Mount Rushmore popüler bir turistik yer olmaya devam ediyor, ancak aynı zamanda Amerika Birleşik Devletleri’nde ırkçılığın ve beyaz üstünlüğünün karanlık tarihini hatırlatan bir anıt.
Mount Rushmore’un Gizli Tarihi
Mount Rushmore’un gizli tarihi, ırkçılık, hırs ve Amerikan anlatısının kontrolü için verilen mücadelenin bir öyküsüdür. Gutzon Borglum’un Ku Klux Klan ile olan bağlantıları ve kendi beyaz üstünlükçü inançları, anıtın yaratılışını ve anlamını şekillendirdi.

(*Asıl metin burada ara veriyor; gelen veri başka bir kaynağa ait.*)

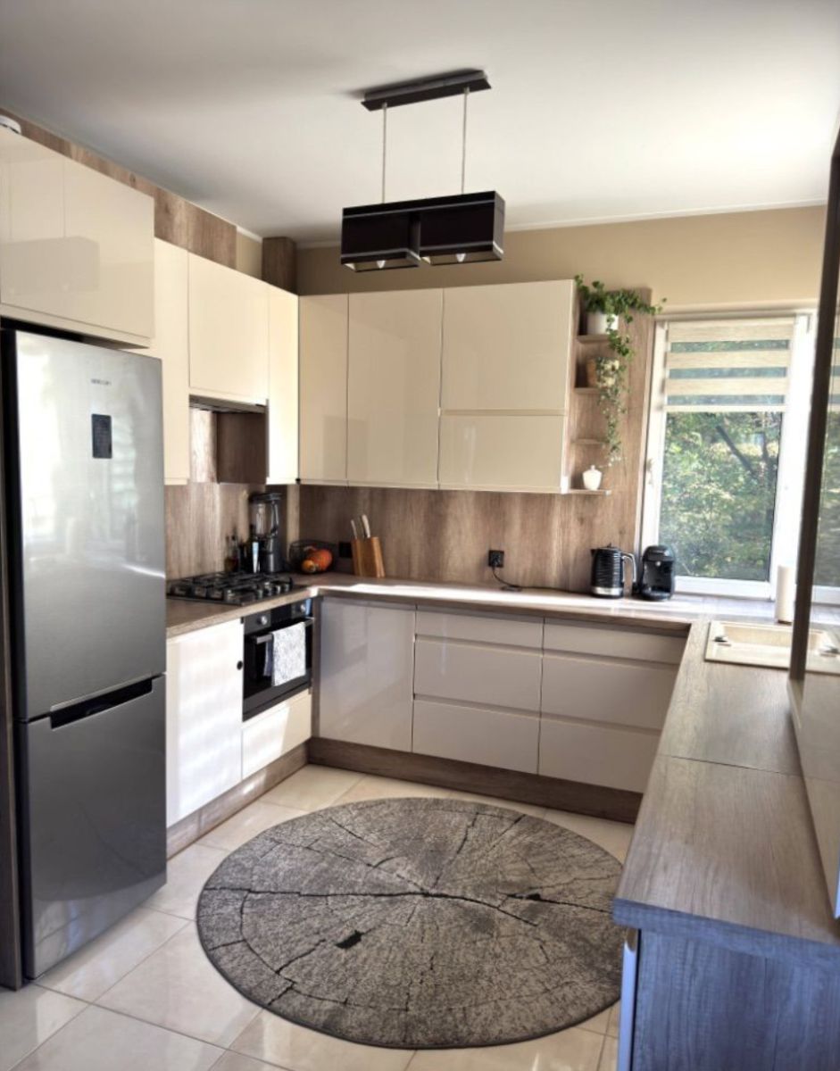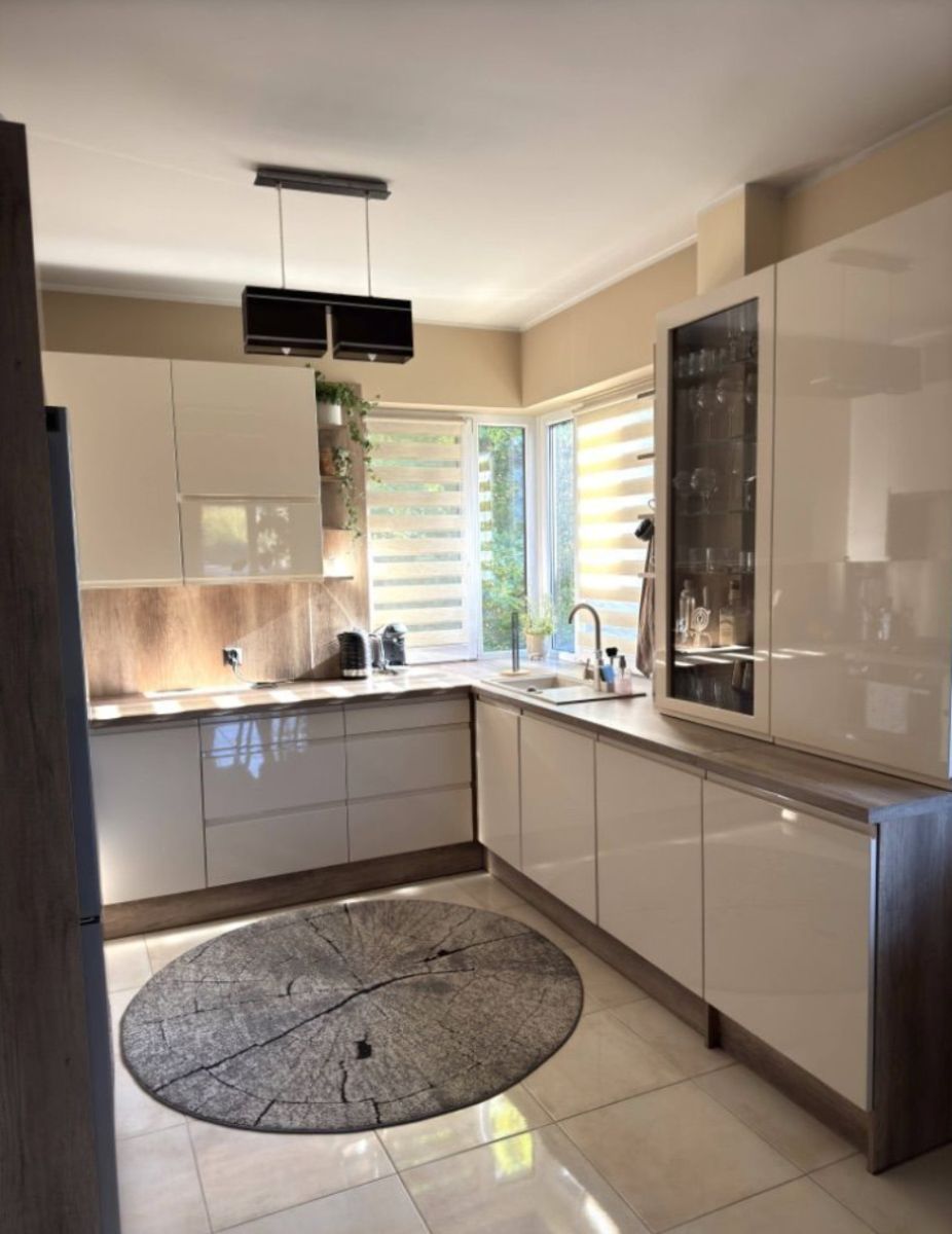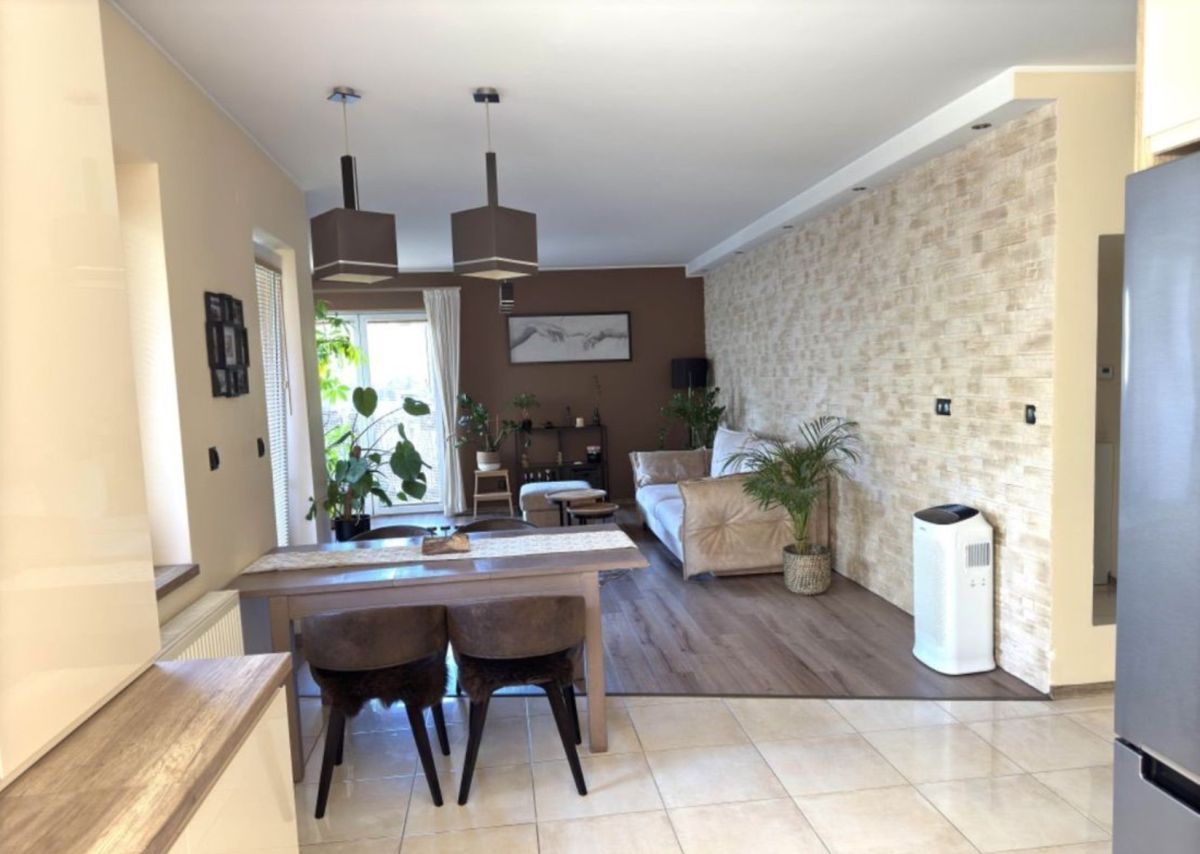 Przestronny salon połączony z jadalnią i kuchnią wyposażoną w sprzęt AGD. W salonie znajduje się wygodna, nowoczesna kanapa oraz duży telewizor. Jadalnia wyposażona w rozkładany stół wraz ze stylowymi krzesłami,

Mount Rushmore’un Yaratılışında Irkçılığın Rolü
Irkçılık, Mount Rushmore’un yaratılışında önemli bir rol oynadı. Borglum’un anıttan bir Kızılderili şefini dışlama kararı, beyaz üstünlüğüne olan inancıyla motive edildi. Ayrıca projeyi kendi ırkçı görüşlerini tanıtmak için kullandı.
Mount Rushmore ile Ku Klux Klan Arasındaki Bağlantı
Ku Klux Klan, Mount Rushmore’un finansmanı ve inşasında etkili oldu. Borglum’un Klan ile ilişkisi, proje için fon bulmasına yardımcı oldu ve ona bir destekçi ağına erişim sağladı.
Stone Mountain Projesinin Başarısızlığı
Stone Mountain projesi, Ku Klux Klan içindeki çekişmeler nedeniyle başarısız oldu. Bu, fon ve desteğin kaybedilmesine yol açtı ve Borglum sonunda kovuldu.
Gutzon Borglum’un Irkçı ve Heykeltıraş Olarak Mirası
Gutzon Borglum’un mirası karmaşıktır. Amerika’nın en ikonik simgelerinden birini yaratan yetenekli bir heykeltıraştı. Ancak ırkçı inançları ve Ku Klux Klan ile olan ilişkisi itibarını zedelemektedir.